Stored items
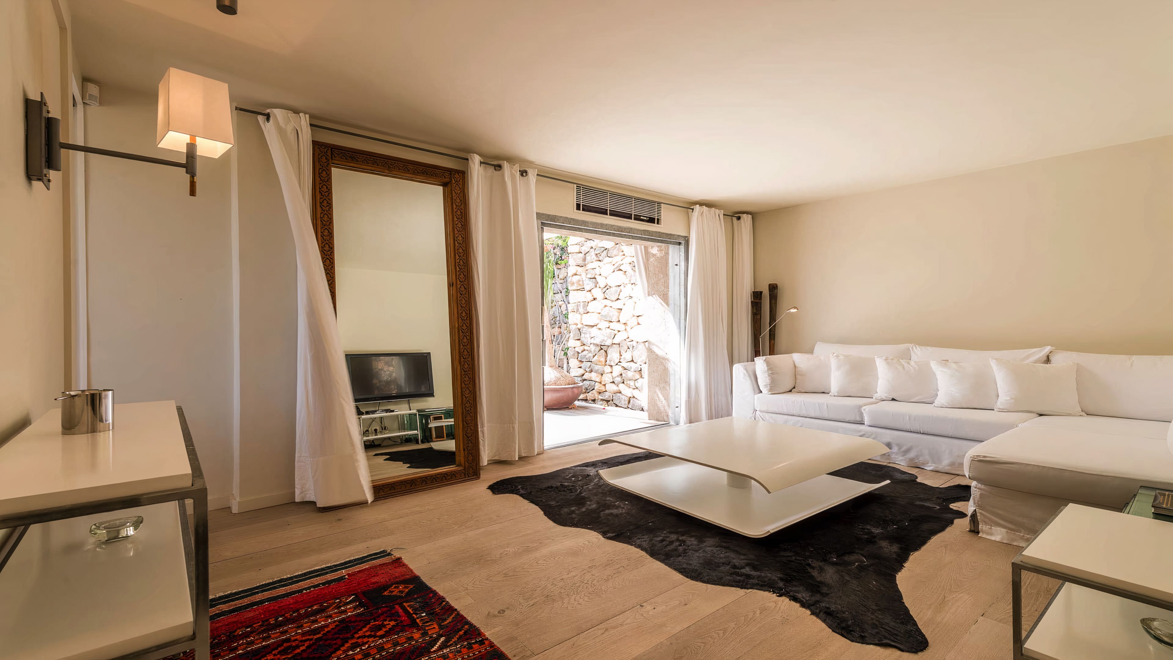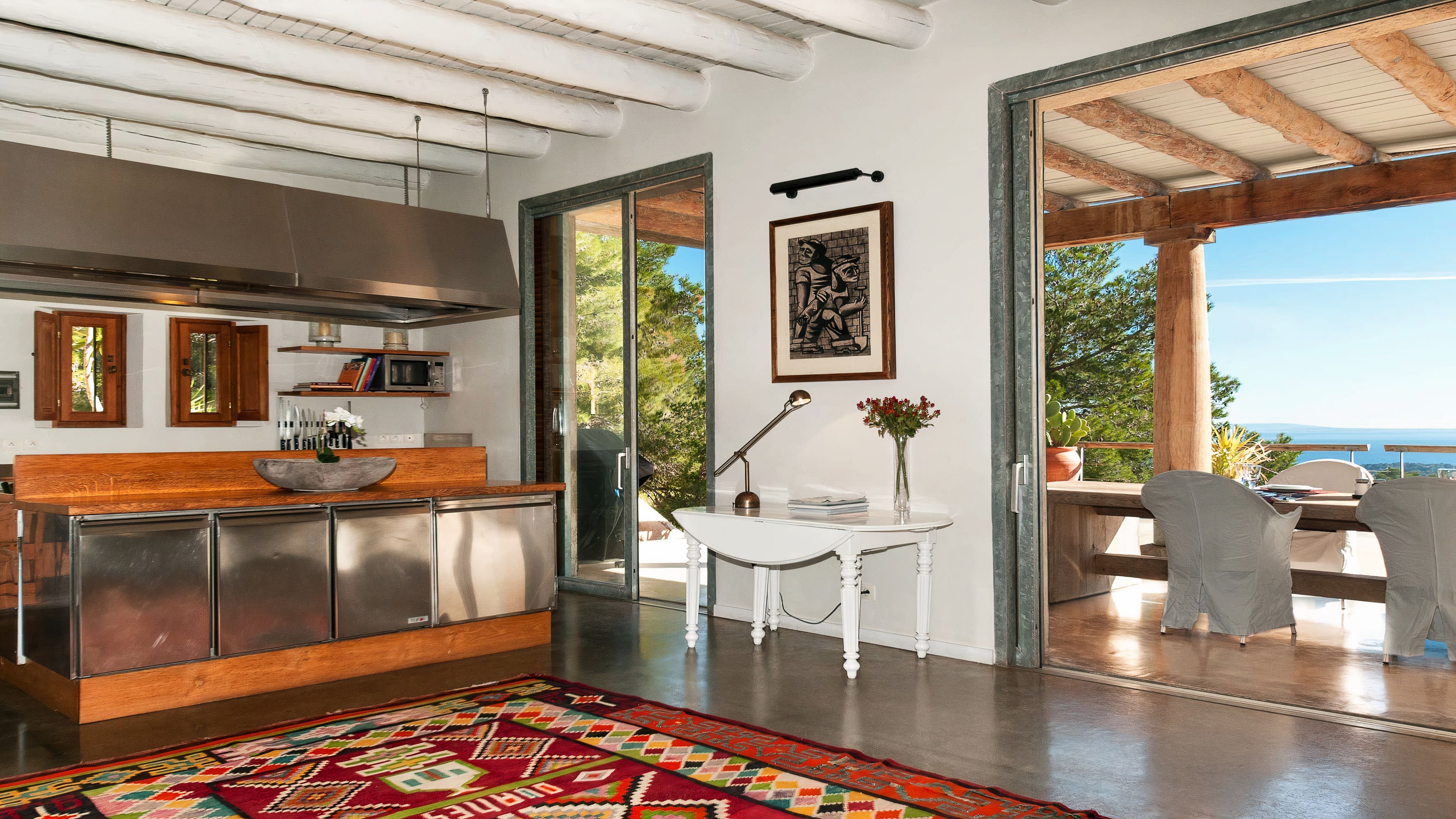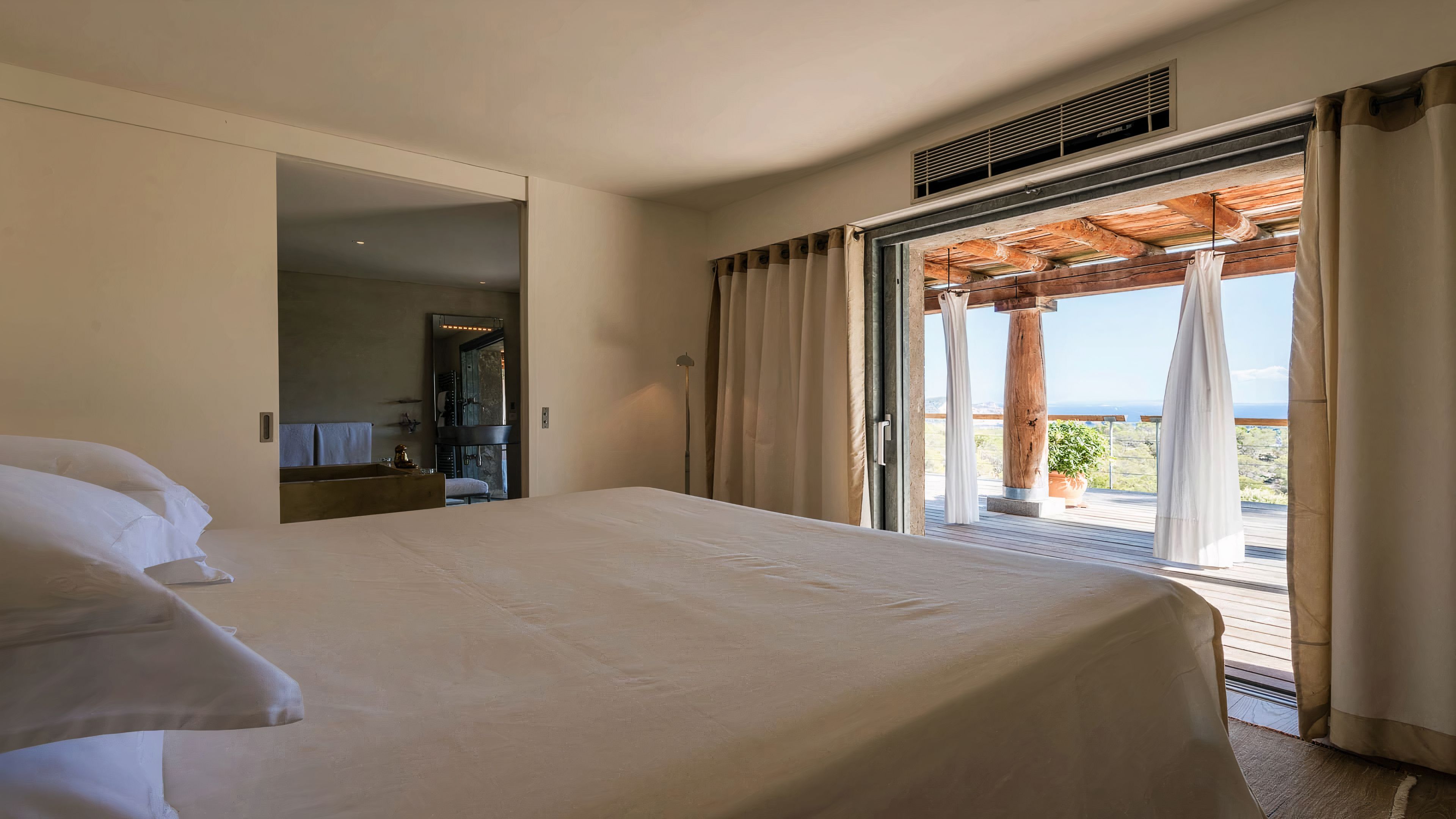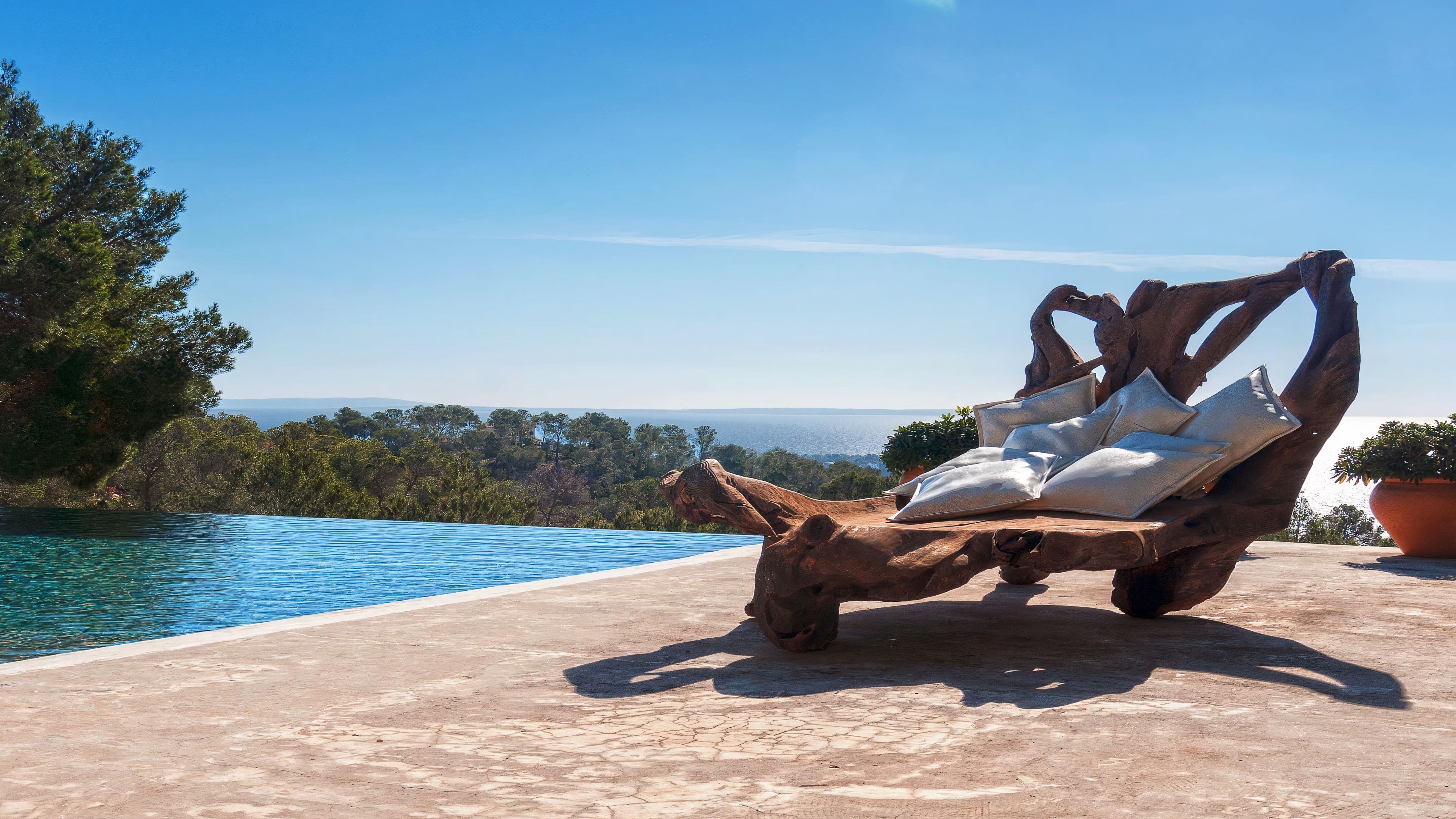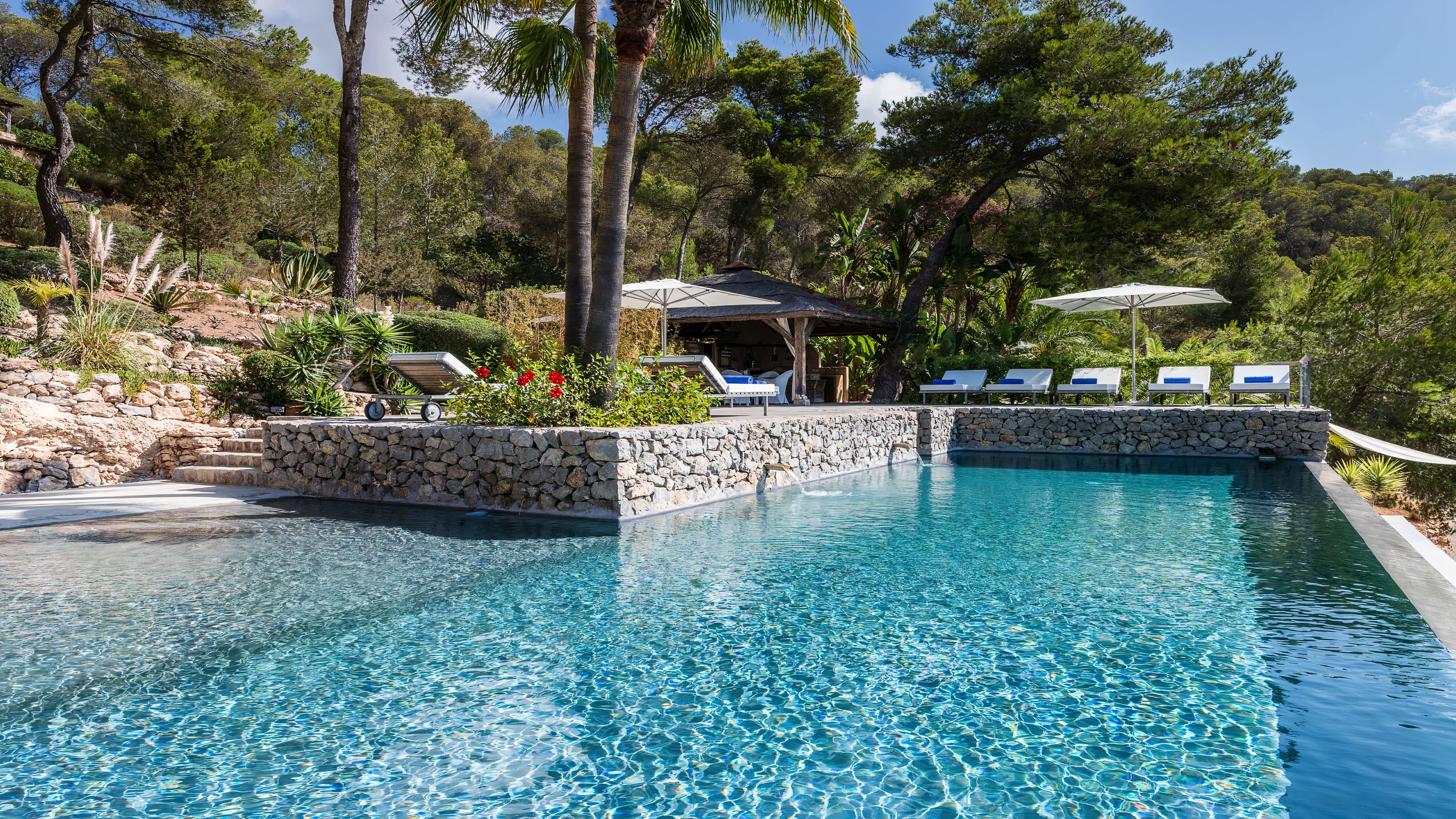 Set in a tranquil part of Ibiza, surrounded by forests and boasting stunning sea views, this elegant villa is a dream spot for a holiday with a family or a group of friends. You’ll enjoy total privacy here, with a huge garden, a private pool and a thermal Jacuzzi, and for guests wishing to seclude further, two of the bedrooms have their independent entrances too. You’ll need a car to reach the beaches and the nearest town of El Cubells, but it’s precisely the remote location which makes this home such a gem. If travelling with children, bear in mind that they’ll need to be supervised around the pool and the garden grounds.
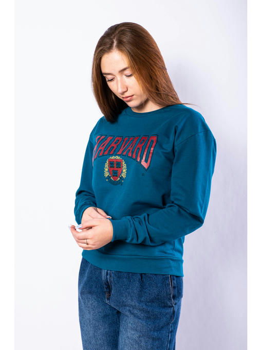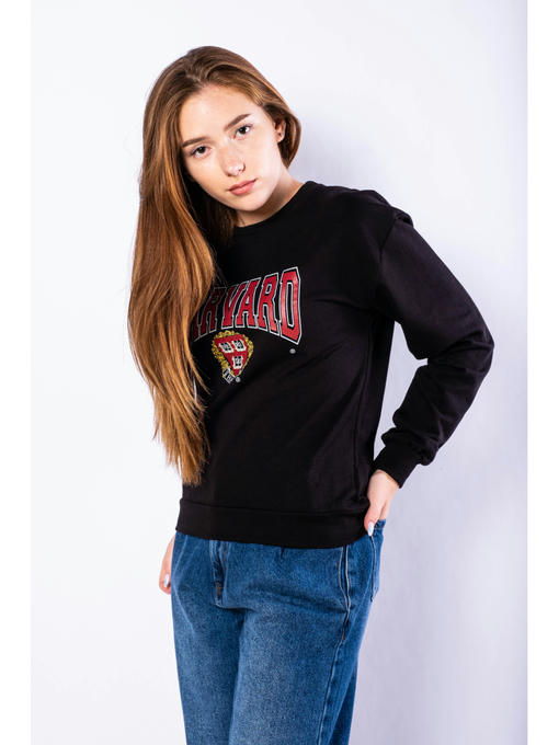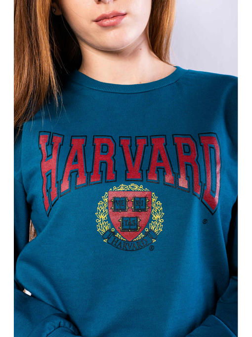 Стильный и универсальный женский свитшот в стиле casual, выполнен из натурального хлопкового трикотажа с добавлением необходимого процента полиэстера для повышения функциональных свойств изделия и эффектно дополнен принтом с изображением логотипа Гарвардского университета. Данная модель, прекрасно впишется в повседневный гардероб любой девушки ведущей активный образ жизни.
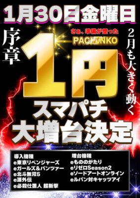 スロット増台(694台→738台)、4円パチンコ増台(492台へ)、データランプ導入(デジ太郎432台)
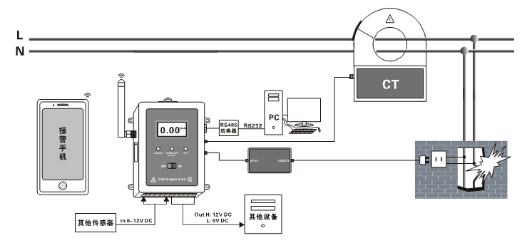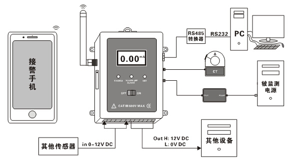 主机监控1路电流(LCD显示电流值)、1路外部电源通断状况(即供电电源的通断状况)、3路扩展输入接口(DC 0~12V模拟电压)、3路扩展输出控制接口(开/关:DC 12V/0V) ;提供1路RS485数据接口及MODBUS协议,便于二次开发;内置大容量可充锂电池,同时具有充电管理功能,当外部供电断开时,内置锂电池继续给主机供电工作,多方面实现远程监测、报警、控制等功能。
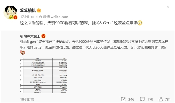 对于两款旗舰处理器的表现,有数码大V以对比图的形式做了展现,哪边进步更大一目了然。
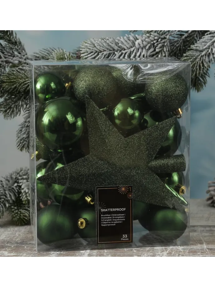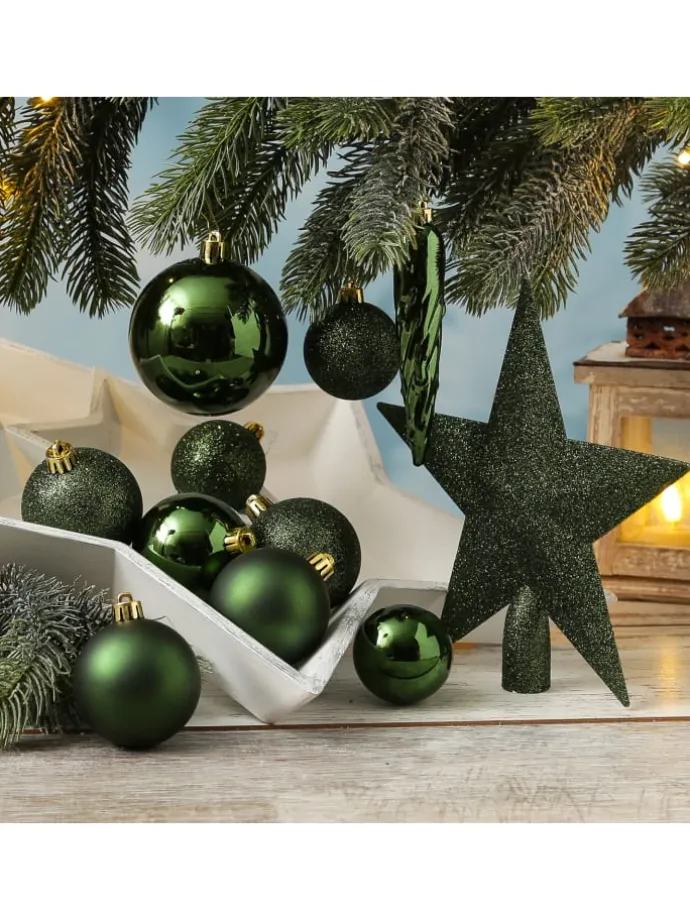Wir wünschen dir viel Freude beim Dekorieren mit diesem wunderschönen 33-teiligen Weihnachtsbaumkugel-Set in Grün!
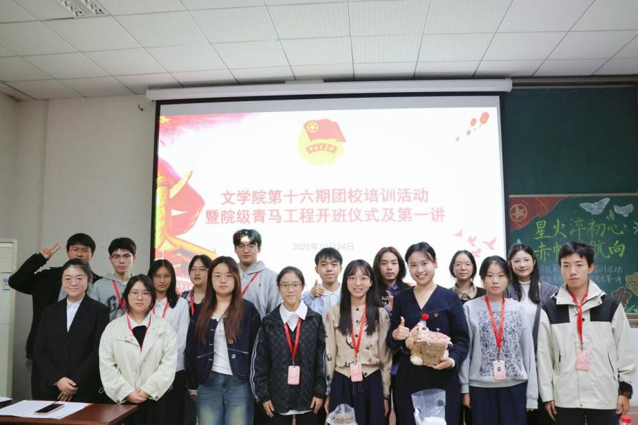 2025年10月24日,76net必赢官网举办第十六期团校培训暨院级青马工程开班仪式及第一讲。76net必赢官网团委书记唐利平出席本次活动,2025级硕士研究生李雅舒担任分享嘉宾,团委学生会骨干和本科生团员干部参加培训。

__Task details__: An exact copy of the entries, without any pictures, is what the answer should be.

__Exercise result__:
 Set in a tranquil part of Ibiza, surrounded by forests and boasting stunning sea views, this elegant villa is a dream spot for a holiday with a family or a group of friends. You’ll enjoy total privacy here, with a huge garden, a private pool and a thermal Jacuzzi, and for guests wishing to seclude further, two of the bedrooms have their independent entrances too. You’ll need a car to reach the beaches and the nearest town of El Cubells, but it’s precisely the remote location which makes this home such a gem. If travelling with children, bear in mind that they’ll need to be supervised around the pool and the garden grounds.
 Стильный и универсальный женский свитшот в стиле casual, выполнен из натурального хлопкового трикотажа с добавлением необходимого процента полиэстера для повышения функциональных свойств изделия и эффектно дополнен принтом с изображением логотипа Гарвардского университета. Данная модель, прекрасно впишется в повседневный гардероб любой девушки ведущей активный образ жизни.
 スロット増台(694台→738台)、4円パチンコ増台(492台へ)、データランプ導入(デジ太郎432台)
 主机监控1路电流(LCD显示电流值)、1路外部电源通断状况(即供电电源的通断状况)、3路扩展输入接口(DC 0~12V模拟电压)、3路扩展输出控制接口(开/关:DC 12V/0V) ;提供1路RS485数据接口及MODBUS协议,便于二次开发;内置大容量可充锂电池,同时具有充电管理功能,当外部供电断开时,内置锂电池继续给主机供电工作,多方面实现远程监测、报警、控制等功能。
 对于两款旗舰处理器的表现,有数码大V以对比图的形式做了展现,哪边进步更大一目了然。
Wir wünschen dir viel Freude beim Dekorieren mit diesem wunderschönen 33-teiligen Weihnachtsbaumkugel-Set in Grün!
 2025年10月24日,76net必赢官网举办第十六期团校培训暨院级青马工程开班仪式及第一讲。76net必赢官网团委书记唐利平出席本次活动,2025级硕士研究生李雅舒担任分享嘉宾,团委学生会骨干和本科生团员干部参加培训。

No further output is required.